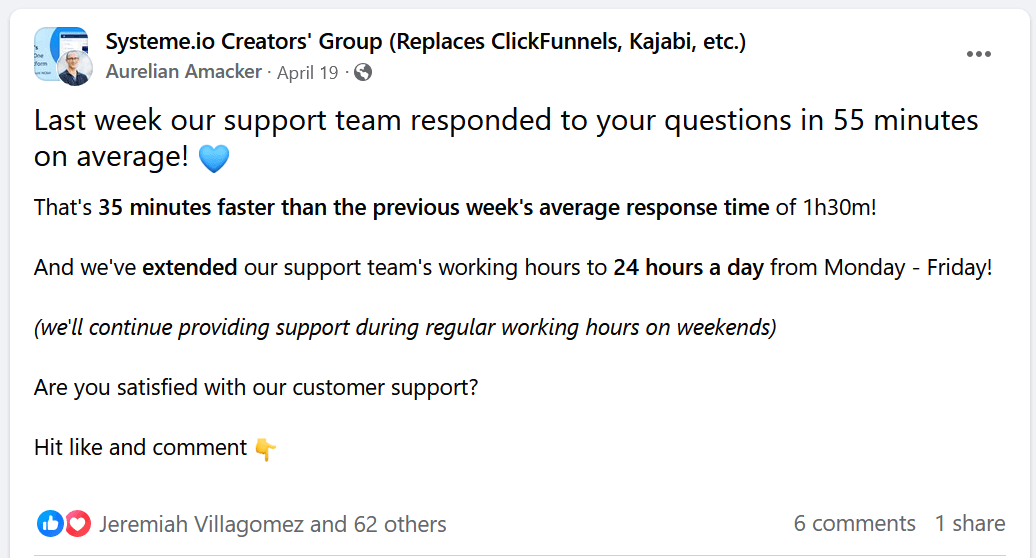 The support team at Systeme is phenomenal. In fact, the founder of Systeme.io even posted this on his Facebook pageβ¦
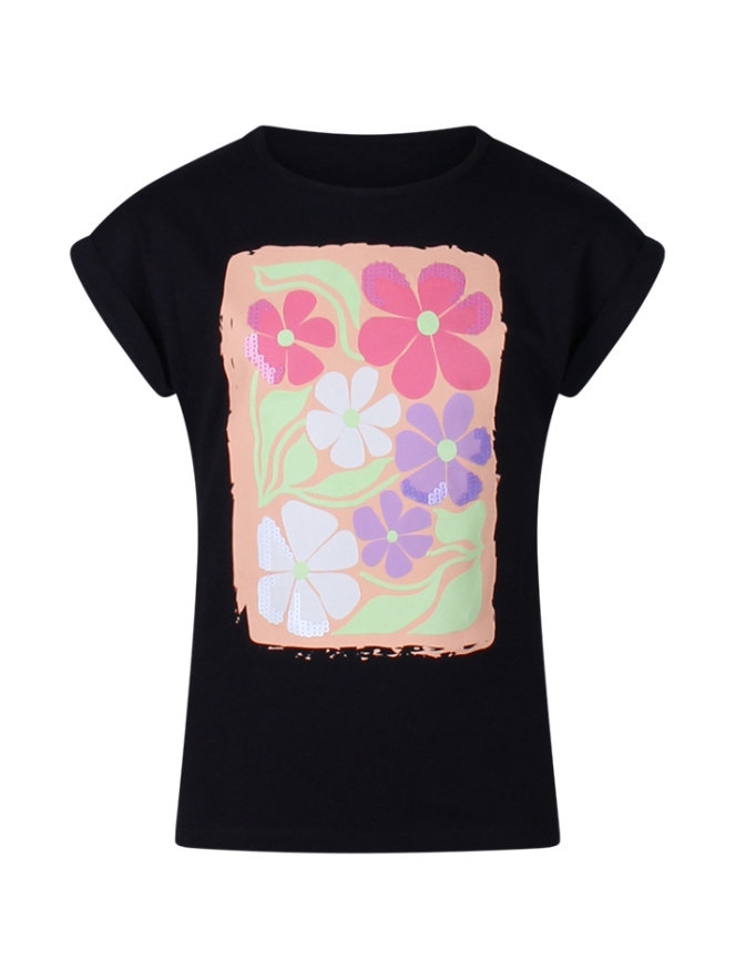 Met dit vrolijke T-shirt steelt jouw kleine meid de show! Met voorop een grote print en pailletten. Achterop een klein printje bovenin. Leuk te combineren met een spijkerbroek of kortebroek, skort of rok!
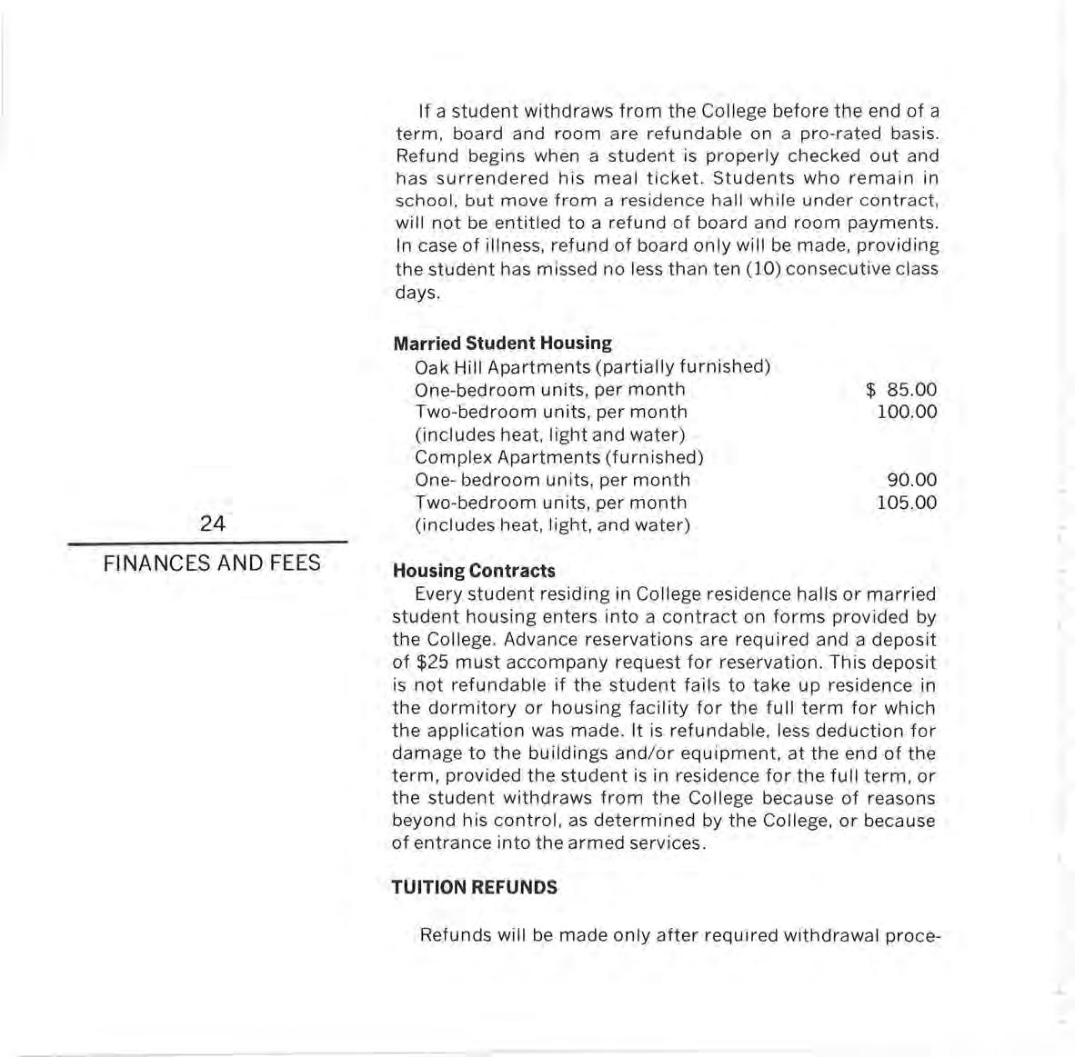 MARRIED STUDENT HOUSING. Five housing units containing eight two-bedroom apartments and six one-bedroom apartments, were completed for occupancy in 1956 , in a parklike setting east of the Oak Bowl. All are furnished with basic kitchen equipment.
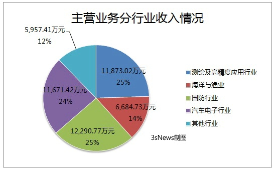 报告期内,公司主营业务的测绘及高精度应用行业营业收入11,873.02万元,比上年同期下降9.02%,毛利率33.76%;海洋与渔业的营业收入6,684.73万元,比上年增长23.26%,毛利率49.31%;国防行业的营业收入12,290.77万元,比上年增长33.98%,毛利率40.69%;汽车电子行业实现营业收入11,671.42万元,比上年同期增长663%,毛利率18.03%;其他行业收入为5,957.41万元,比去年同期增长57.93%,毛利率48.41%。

Exercise brief: Write out only the lines from the line containing "MARRIED STUDENT HOUSING." through the end of the material above, both end lines included. Pictures are not written out.

Reply:
 MARRIED STUDENT HOUSING. Five housing units containing eight two-bedroom apartments and six one-bedroom apartments, were completed for occupancy in 1956 , in a parklike setting east of the Oak Bowl. All are furnished with basic kitchen equipment.
 报告期内,公司主营业务的测绘及高精度应用行业营业收入11,873.02万元,比上年同期下降9.02%,毛利率33.76%;海洋与渔业的营业收入6,684.73万元,比上年增长23.26%,毛利率49.31%;国防行业的营业收入12,290.77万元,比上年增长33.98%,毛利率40.69%;汽车电子行业实现营业收入11,671.42万元,比上年同期增长663%,毛利率18.03%;其他行业收入为5,957.41万元,比去年同期增长57.93%,毛利率48.41%。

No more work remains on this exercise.